#### [WORK ORDER]
Write out the listing from the line with "27일 서울 동대문구" to the line with "Купить игра для", both lines included, exactly and nothing beyond. Leave pictures out.

====================

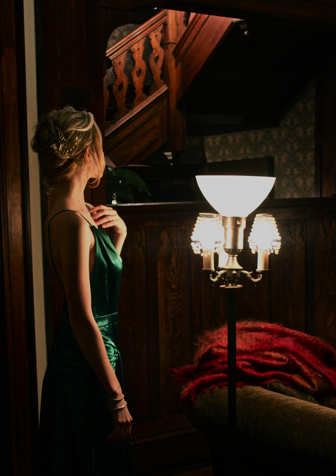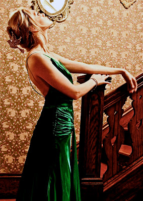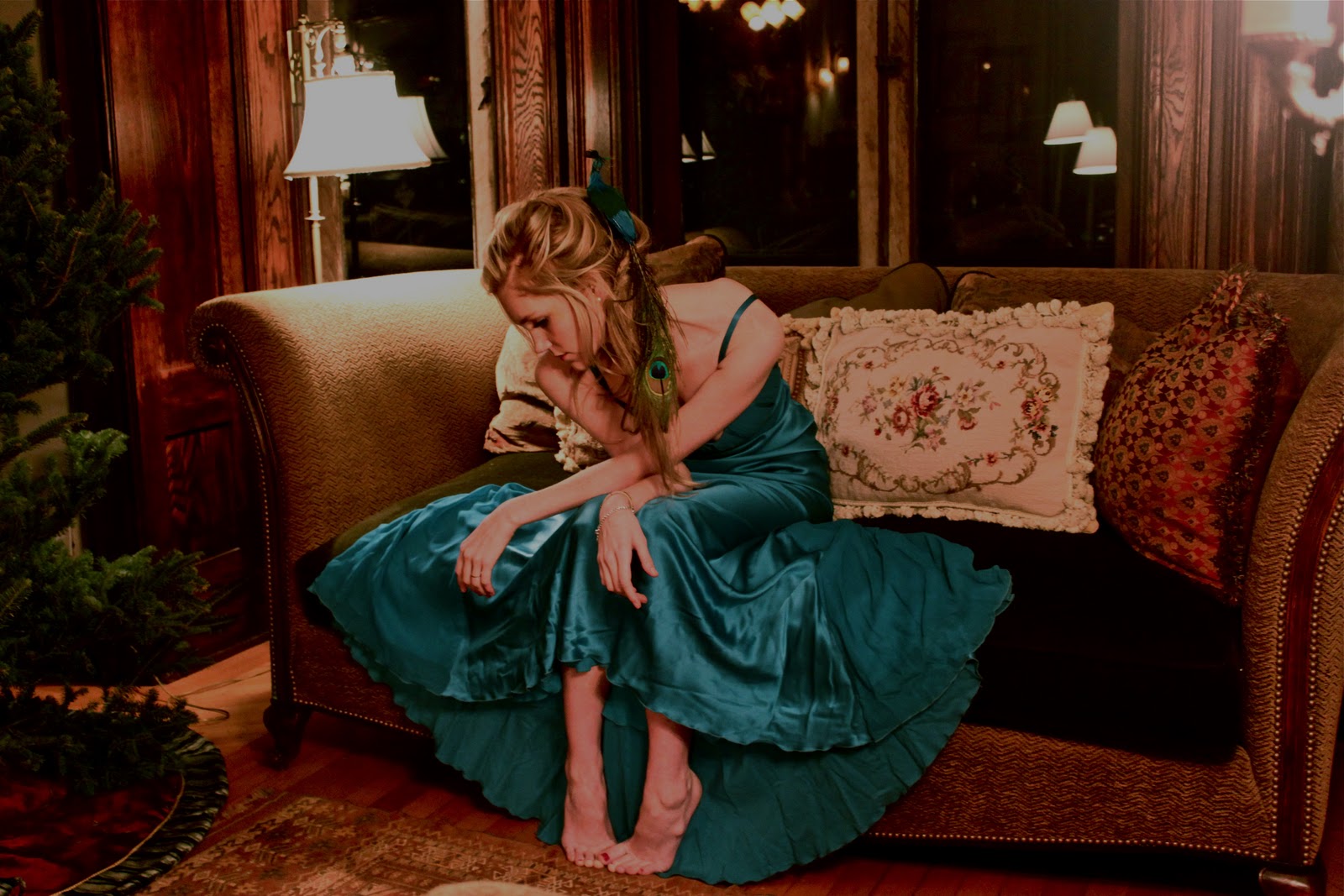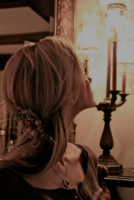 My adventures into the wonderland of dress-up and costumes always starts out so innocent... and it always ends up infinitely more involved. Such was the case last night. My mom has begun her annual holiday decorating craze. As she decked the windows in the kitchen with little glass ornaments, I picked up the pretty yellow star and told her I wanted to wear it in my hair. One thing led to another, and before I knew it she and I were conducting a full blown photo shoot. What began as a request for her to take a picture of the simple starred style rapidly progressed into various contortions of my hair, decorated with bits of holiday ornamentation I would spot around the house , and a messy slew of outfit changes. Somehow, from a sickening cloud of hairspray and abundant layers of silk satin gowns tossed haphazardly around my room, a spread of some cool photos emerged....
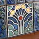 Channel the bold sophistication of the Art Deco era with this striking ceramic tile. The design features a perfectly symmetrical, stylized tree motif with a sunburst or fan-like spread. Deep navy blue and dusty sage green provide a cool, elegant base, beautifully contrasted by warm, amber-yellow blossoms and a central, eye-catching terracotta red circle. Each coloured section is crisply defined by raised, off-white lines with a subtle bronze edge, reminiscent of classic cloisonné or stained-glass artistry. This tile is a testament to geometric precision and organic inspiration, making it a perfect accent for a historic home or a touch of vintage flair in a modern space.
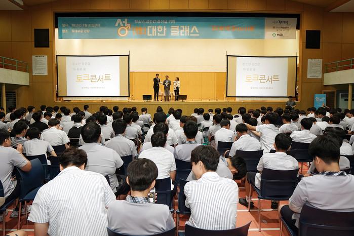 27일 서울 동대문구 동대부중 강당에서 동대문구와 서울대 보건대학원, 한국MSD 등 민·관·학이 함께 동대부중 학생 500여명을 대상으로 성 건강 토크 콘서트 ‘성대한 클래스 자유로움’을 진행했다. 사진은 토크 콘서트 진행 모습. (사진제공=동대문구청)
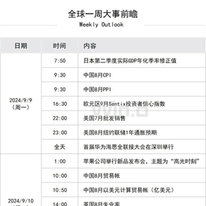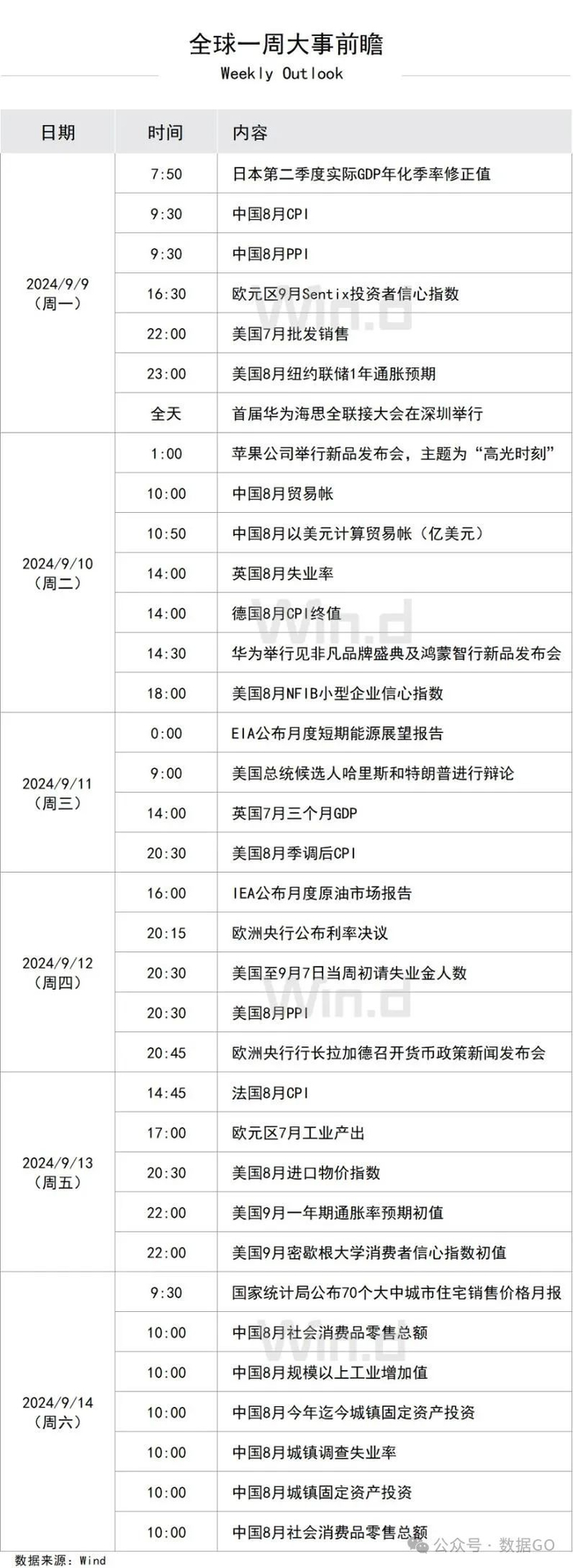 未来一周,全球市场大事不断。十四届全国人大常委会第十一次会议举行;中国8月一系列重磅经济数据全线出炉;美联储进入“静默期”,美国8月CPI备受关注;华为、苹果先后举行新品发布会;哈里斯与特朗普首场电视辩论举行;欧洲央行将公布利率决议。
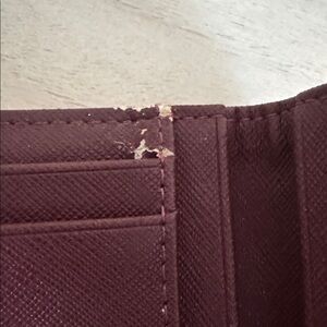 Please see last 2 photos for wear to interior, coral leather has some darkened wear discoloration as well
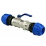 ● RECHTE 3-DELIGE INSTEEKKOPPELINGEN, MET KOGELKRAAN, IN DE DIAMETERS Ø 20, 25, 32, 40, 50 EN 63 MM.
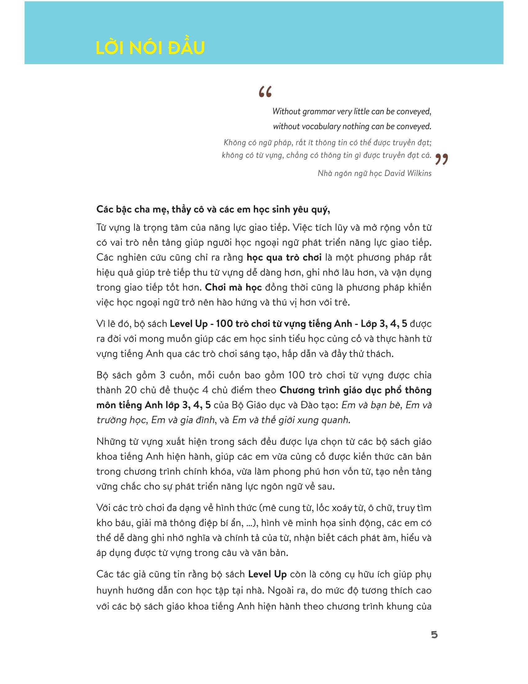 Level Up – 100 trò chơi từ vựng tiếng Anh (Lớp 3-4-5) là bộ sách học từ vựng qua trò chơi dành cho học sinh tiểu học các lớp 3, 4 và 5. Mỗi cuốn sách bao gồm 100 trò chơi cực vui và thú vị nhằm giúp học sinh ôn luyện, ghi nhớ và biết cách sử dụng các từ vựng cơ bản theo chương trình sách giáo khoa của Bộ GD&ĐT.
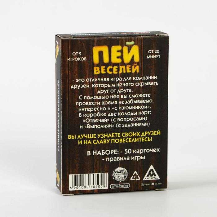 Купить игра для компании "пей веселей" 50 карт от 180 руб. с доставкой до пункта выдачи в Болхове. Интернет магазин ДекаМаркет. Оплата при получении.
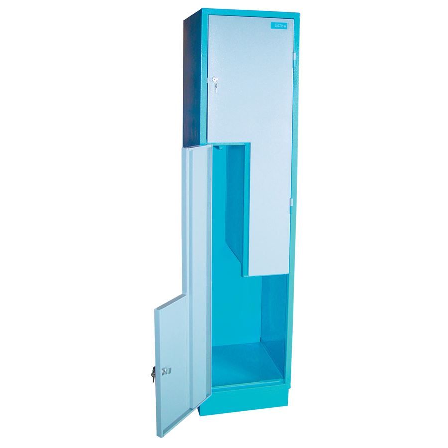 Güde KOVINSKA GARDEROBNA OMARA TIP Z ponuja pametno rešitev za shranjevanje v omejenih prostorih. Zasnovan v obliki črke Z omogoča dve ločeni garderobni enoti v enem samem stolpcu, kar je še posebej uporabno v garderobah, delavnicah, fitnesih ali pisarniških prostorih.

====================

#### [RESPONSE TO THIS EXERCISE]
 27일 서울 동대문구 동대부중 강당에서 동대문구와 서울대 보건대학원, 한국MSD 등 민·관·학이 함께 동대부중 학생 500여명을 대상으로 성 건강 토크 콘서트 ‘성대한 클래스 자유로움’을 진행했다. 사진은 토크 콘서트 진행 모습. (사진제공=동대문구청)
 未来一周,全球市场大事不断。十四届全国人大常委会第十一次会议举行;中国8月一系列重磅经济数据全线出炉;美联储进入“静默期”,美国8月CPI备受关注;华为、苹果先后举行新品发布会;哈里斯与特朗普首场电视辩论举行;欧洲央行将公布利率决议。
 Please see last 2 photos for wear to interior, coral leather has some darkened wear discoloration as well
 ● RECHTE 3-DELIGE INSTEEKKOPPELINGEN, MET KOGELKRAAN, IN DE DIAMETERS Ø 20, 25, 32, 40, 50 EN 63 MM.
 Level Up – 100 trò chơi từ vựng tiếng Anh (Lớp 3-4-5) là bộ sách học từ vựng qua trò chơi dành cho học sinh tiểu học các lớp 3, 4 và 5. Mỗi cuốn sách bao gồm 100 trò chơi cực vui và thú vị nhằm giúp học sinh ôn luyện, ghi nhớ và biết cách sử dụng các từ vựng cơ bản theo chương trình sách giáo khoa của Bộ GD&ĐT.
 Купить игра для компании "пей веселей" 50 карт от 180 руб. с доставкой до пункта выдачи в Болхове. Интернет магазин ДекаМаркет. Оплата при получении.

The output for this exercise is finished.